I started this blog five years ago, in January 2013. At the time, I lived in Bloomington, Indiana and was in the middle of my fifth year of grad school. I had started working on a new project with a new advisor in my fourth year – not exactly a highly recommended approach to finishing a Ph.D. – and I wanted a place to write about what I was working on. I hadn’t managed to get any papers about my project accepted yet, but they couldn’t stop me from blogging, dammit.

At first, I wrote lots of posts about my dissertation work. I eventually managed to publish, graduate, and get a job, and since then, I’ve continued to use this blog to write about whatever I’m thinking or learning about: distributed computing, domain-specific languages, verification, machine learning, and lots of other things. I’ve also advertised conferences and workshops that I’ve been involved with; told debugging stories; and dispensed advice. Inevitably, the personal and the professional intersect.

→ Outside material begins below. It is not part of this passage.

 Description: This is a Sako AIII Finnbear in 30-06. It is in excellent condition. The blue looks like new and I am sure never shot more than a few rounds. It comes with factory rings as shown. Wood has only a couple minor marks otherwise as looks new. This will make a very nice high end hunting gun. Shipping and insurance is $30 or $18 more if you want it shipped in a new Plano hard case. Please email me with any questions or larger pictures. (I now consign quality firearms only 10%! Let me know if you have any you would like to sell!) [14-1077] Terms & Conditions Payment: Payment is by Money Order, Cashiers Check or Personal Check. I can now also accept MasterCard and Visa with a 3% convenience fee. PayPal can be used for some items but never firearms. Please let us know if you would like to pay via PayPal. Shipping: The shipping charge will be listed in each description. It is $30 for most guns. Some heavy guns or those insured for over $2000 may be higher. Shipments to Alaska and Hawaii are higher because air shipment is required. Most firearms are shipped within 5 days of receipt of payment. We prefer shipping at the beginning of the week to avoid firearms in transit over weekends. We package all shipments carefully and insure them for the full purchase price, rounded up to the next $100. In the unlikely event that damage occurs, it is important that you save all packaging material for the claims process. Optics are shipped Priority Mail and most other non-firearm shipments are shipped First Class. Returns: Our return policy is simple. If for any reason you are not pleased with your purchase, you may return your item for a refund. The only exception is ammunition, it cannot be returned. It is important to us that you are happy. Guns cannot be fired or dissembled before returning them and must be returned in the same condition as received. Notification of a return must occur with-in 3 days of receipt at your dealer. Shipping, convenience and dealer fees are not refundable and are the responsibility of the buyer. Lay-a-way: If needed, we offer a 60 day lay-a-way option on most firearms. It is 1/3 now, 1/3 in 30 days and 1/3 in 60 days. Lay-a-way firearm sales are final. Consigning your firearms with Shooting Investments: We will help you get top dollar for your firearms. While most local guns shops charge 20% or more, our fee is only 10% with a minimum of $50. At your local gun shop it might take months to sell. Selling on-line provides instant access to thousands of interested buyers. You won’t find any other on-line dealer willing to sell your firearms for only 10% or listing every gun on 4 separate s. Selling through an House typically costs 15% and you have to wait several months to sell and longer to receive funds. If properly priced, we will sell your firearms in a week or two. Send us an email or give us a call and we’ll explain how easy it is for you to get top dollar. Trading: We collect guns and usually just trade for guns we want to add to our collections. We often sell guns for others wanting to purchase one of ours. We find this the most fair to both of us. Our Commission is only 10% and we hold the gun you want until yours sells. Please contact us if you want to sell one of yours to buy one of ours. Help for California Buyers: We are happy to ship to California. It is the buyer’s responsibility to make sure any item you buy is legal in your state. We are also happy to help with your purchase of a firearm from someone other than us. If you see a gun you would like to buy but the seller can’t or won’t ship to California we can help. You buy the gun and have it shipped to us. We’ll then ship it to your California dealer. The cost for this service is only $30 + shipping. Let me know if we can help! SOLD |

This blog doesn’t have anywhere near the huge following of folks like Dan Luu or Julia Evans, but I’ve been fortunate to have picked up a few readers who enjoy it and who I hear from often. I think that part of the blog’s success comes from the fact that I make myself post regularly. I committed to writing two posts a month when I started the blog, and although that means that some of the posts end up being “filler”, I think the benefits outweigh the drawbacks. Having the end of the month looming is often the nudge that I need to finally finish and post things that otherwise would have lingered unpublished for a long time.

At least, that’s how it works sometimes. Too often, though, I let a month go by without posting and then have to backdate posts to the previous month in order to keep up. This has been a problem for some time, but after my daughter was born last July, it got much worse. My posts “What do people mean when they say ‘transpiler’?” and “My first fifteen compilers” were both dated July, but they were actually published in August and September, and I’m sure I wouldn’t have even managed that if I hadn’t already had drafts of both of them started before Sylvia was born.

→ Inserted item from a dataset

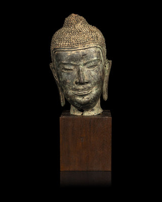 A Thai Bronze Head of Buddha

My two August-dated posts went up in September. When I went back to work full-time in mid-October, the schedule slipped even further, and my September-dated posts didn’t go up until November. By the time December came around, I had six posts to finish for the year; with effort, I managed to crank them all out by January 10. And now it’s the end of the month again, and, predictably, I’m behind.

I’m proud to have made it five years at the twice-a-month pace, but it’s become clear that it’s not a sustainable pace for me anymore. So in 2018, I’m going to try changing my pace of posting to once a month, and seeing how that goes. Once a month seems like something that I can manage. I’m already feeling relieved about this decision. Instead of dreading having to backdate posts for January, I’m excited to write about my colleagues’ and my SysML submission for February. That’s the way that blogging should feel – like fun, not a burden!

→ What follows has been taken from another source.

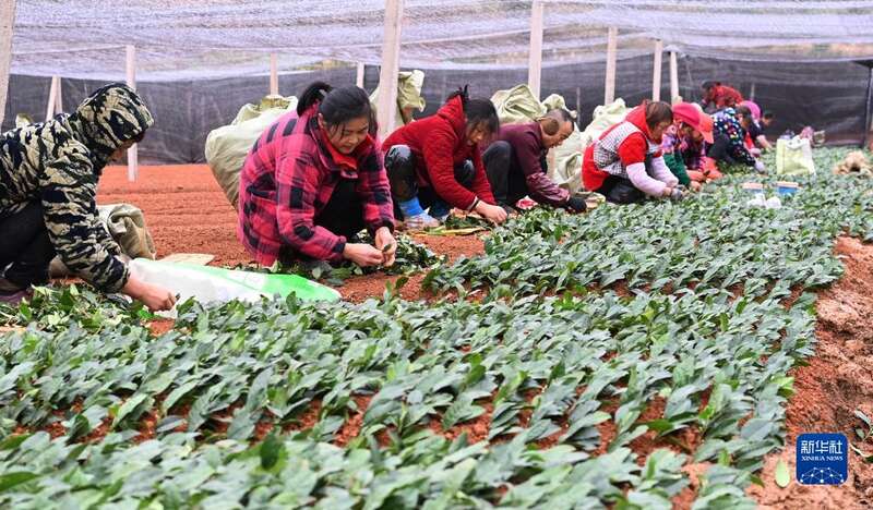 冬日,在贵州省黔东南苗族侗族自治州丹寨县兴仁镇茶叶育苗基地,村民抢抓农时,扦插从浙江省安吉县运抵的茶苗,为今冬明春移栽提供充足保障。据悉,丹寨县已建茶园12.19万亩,茶产业已成为当地助力乡村振兴的重要产业。新华社记者 杨楹 摄

Now that I’ve made this decision, I’m realizing that my old posting schedule was causing me to make bad decisions and engage in false economies: at one point, I even remember thinking, “I should agree to serve on the so-and-so program committee, because that means I can write a post about its call for papers, and that’ll take care of one of the posts I need to write this month!” (I said no to that PC invitation, but the fact that I was even tempted to say yes just to get a blog post out of it meant that there was something wrong with how much I was expecting myself to blog.)

Why not do away with this quota system altogether and just blog if and when I feel like it? Looking back on the posts that I’m happy with from over the last five years, I’m certain that a lot of them would never have been published if it hadn’t been for deadline pressure. An example is “Using the simplex algorithm for SMT solving”, which was one of those posts I cranked out in December when I was under the gun to finish a bunch of posts by the end of the year. It was a draft I’d had half-finished for a long time; I was writing about something that I had found interesting, but I wasn’t sure if I was really explaining things properly or if it would be interesting to anyone else. But the deadline meant that I couldn’t afford not to finish up and post it, and when I did, the reaction I got was quite positive! So, I really do think a bit of deadline pressure is good for me. The trick is to have a sustainable amount of deadline pressure, and not so much that I can’t keep up.